Exercise –
Transcribe exactly the lines from the first line of the records through the line containing "Piante e fiori", and leave out every picture.

Source records –
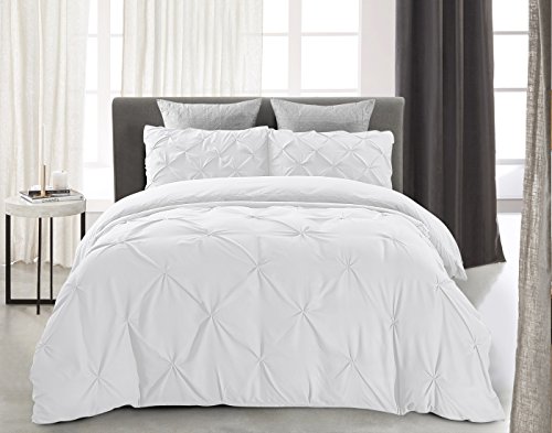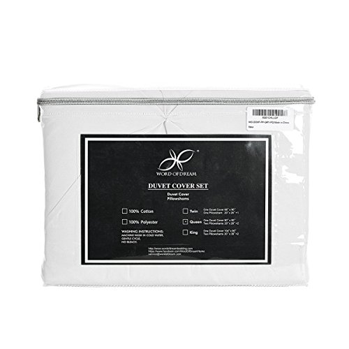Word of Dream Pinch Pleat Microfiber Duvet Cover Set 2 PC, Twin, White
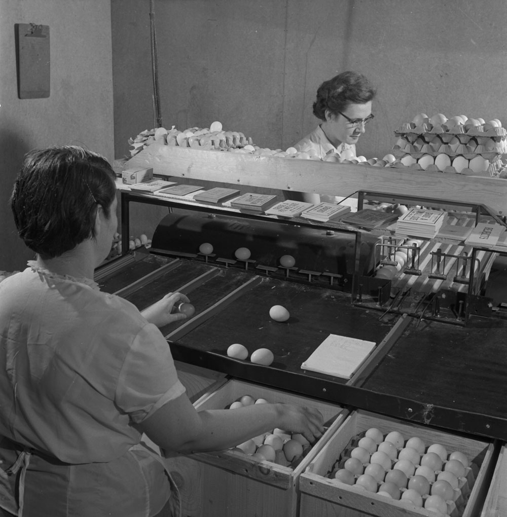 Photo noir et blanc de deux femmes inspectant des œufs qui défilent sur un transporteur à courroie et les plaçant dans des boîtes.
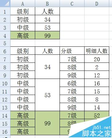 1、现有如下数据,想用饼图来体现各级别的人数情况,同时也想把高级中7-8-9三个级别的明细人员也体现出来,该怎样制作饼图呢?
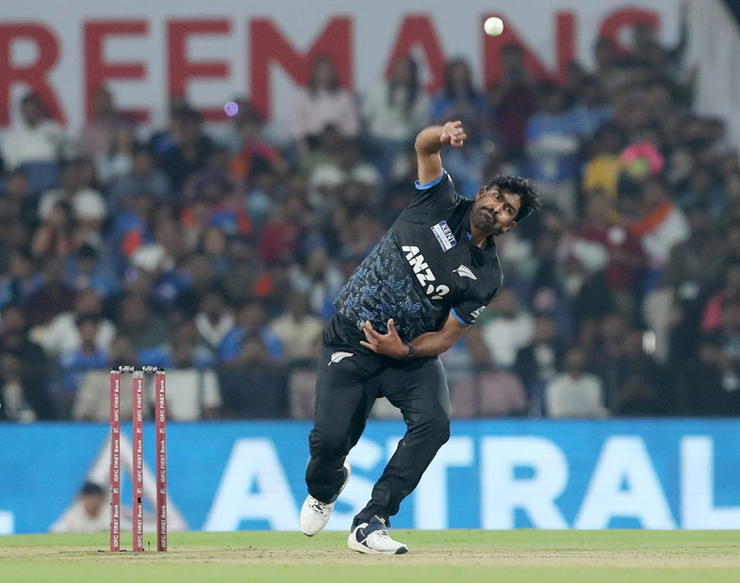 New Zealand leg-spinner Ish Sodhi in action during the Indian innings
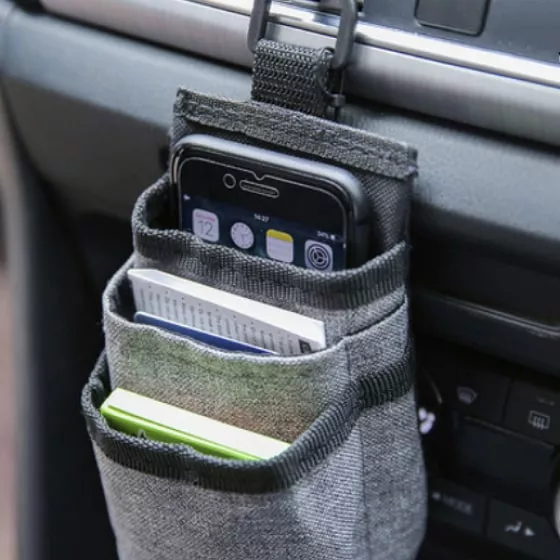 Keep things nice and tidy, from your phone to keyfob to gum, all in one clip-on solution. Our Multifunctional Cloth Phone Bag makes it possible to free up your cup holders and center console — for all you need right within arm’s reach.
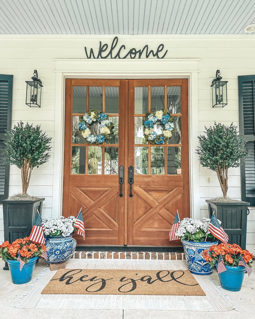 Wooden double doors bring warmth and classic Southern charm, especially when flanked by twin box planters and patriotic pops of red, white, and blue. Hydrangea wreaths echo the porch’s cool tones, tying in with the painted ceiling and blue ceramic pots. A layered doormat says “hey y’all” like it really means it. From the lanterns to the symmetry, every detail feels equal parts polished and playful.
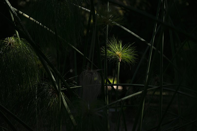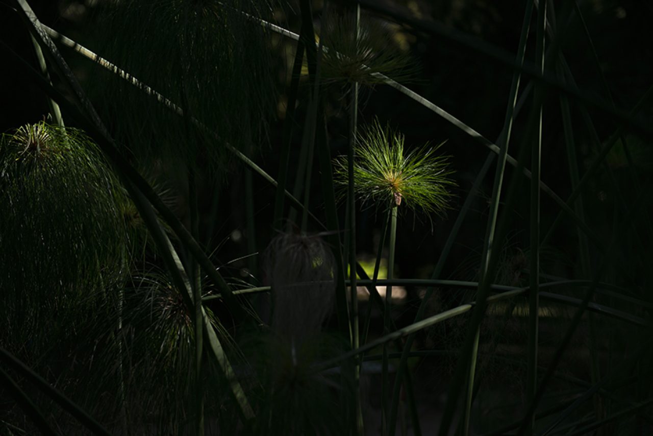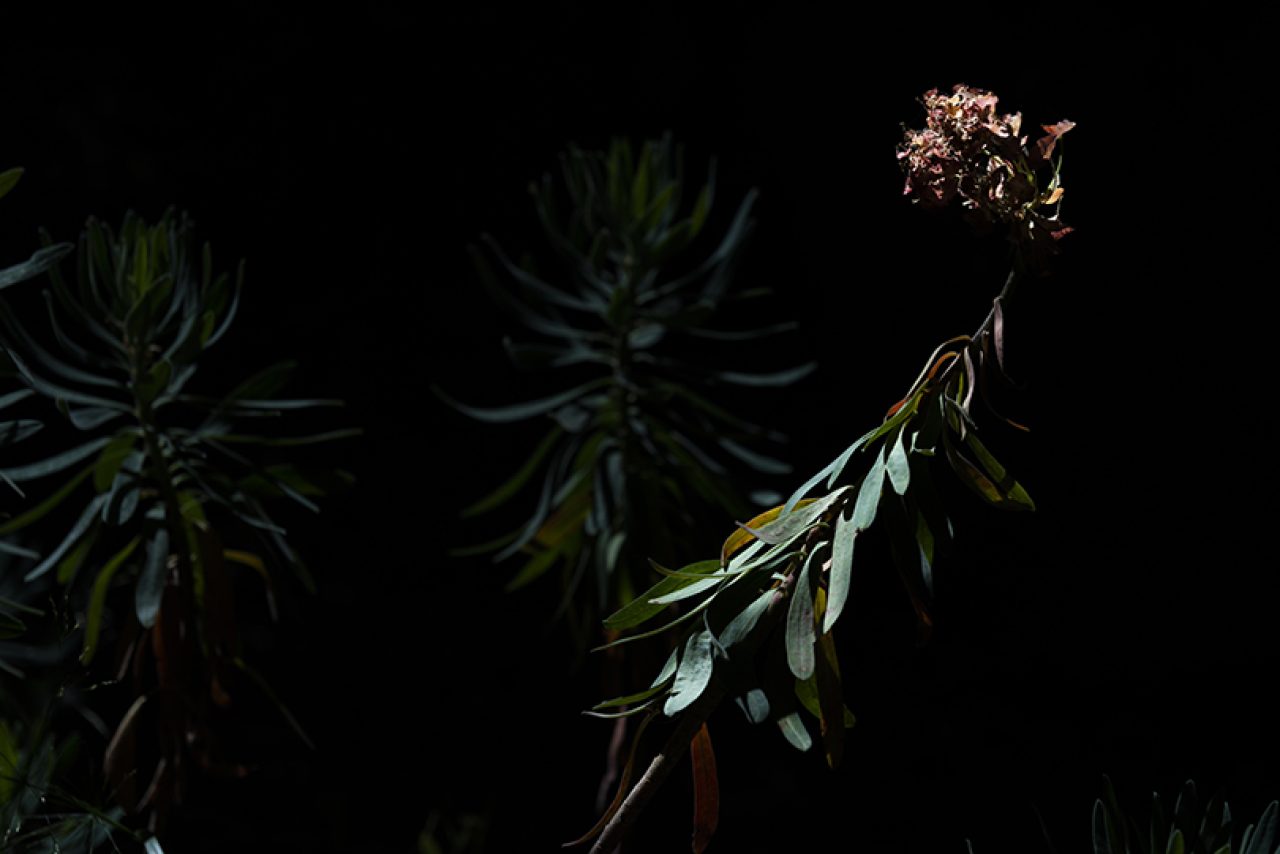 Piante e fiori protratti verso spiragli, paiono lenti animali tesi verso l’alto. Corpi, volti. forme che evocano la luce, in quiete.
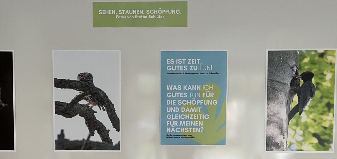 Da der Tag der Schöpfung nicht nur zum Staunen, sondern auch zum Handeln aufrufen möchte, wurden verschiedene Fakten zur Biodiversität und der Aufruf auch „für die Schöpfung Gutes zu tun“ ebenfalls ausgehängt.
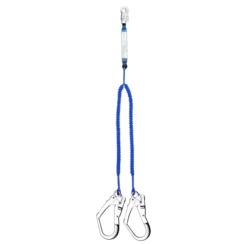 Dubbel fälldämparlina utrustad med stötdämpare och tre säkerhetskopplingar för ökad trygghet vid arbete på höjd. Linan är tillverkad i slitstark polyamid och är konstruerad för att minska kraften vid ett eventuellt fall.

Answer to the exercise –
Word of Dream Pinch Pleat Microfiber Duvet Cover Set 2 PC, Twin, White
 Photo noir et blanc de deux femmes inspectant des œufs qui défilent sur un transporteur à courroie et les plaçant dans des boîtes.
 1、现有如下数据,想用饼图来体现各级别的人数情况,同时也想把高级中7-8-9三个级别的明细人员也体现出来,该怎样制作饼图呢?
 New Zealand leg-spinner Ish Sodhi in action during the Indian innings
 Keep things nice and tidy, from your phone to keyfob to gum, all in one clip-on solution. Our Multifunctional Cloth Phone Bag makes it possible to free up your cup holders and center console — for all you need right within arm’s reach.
 Wooden double doors bring warmth and classic Southern charm, especially when flanked by twin box planters and patriotic pops of red, white, and blue. Hydrangea wreaths echo the porch’s cool tones, tying in with the painted ceiling and blue ceramic pots. A layered doormat says “hey y’all” like it really means it. From the lanterns to the symmetry, every detail feels equal parts polished and playful.
 Piante e fiori protratti verso spiragli, paiono lenti animali tesi verso l’alto. Corpi, volti. forme che evocano la luce, in quiete.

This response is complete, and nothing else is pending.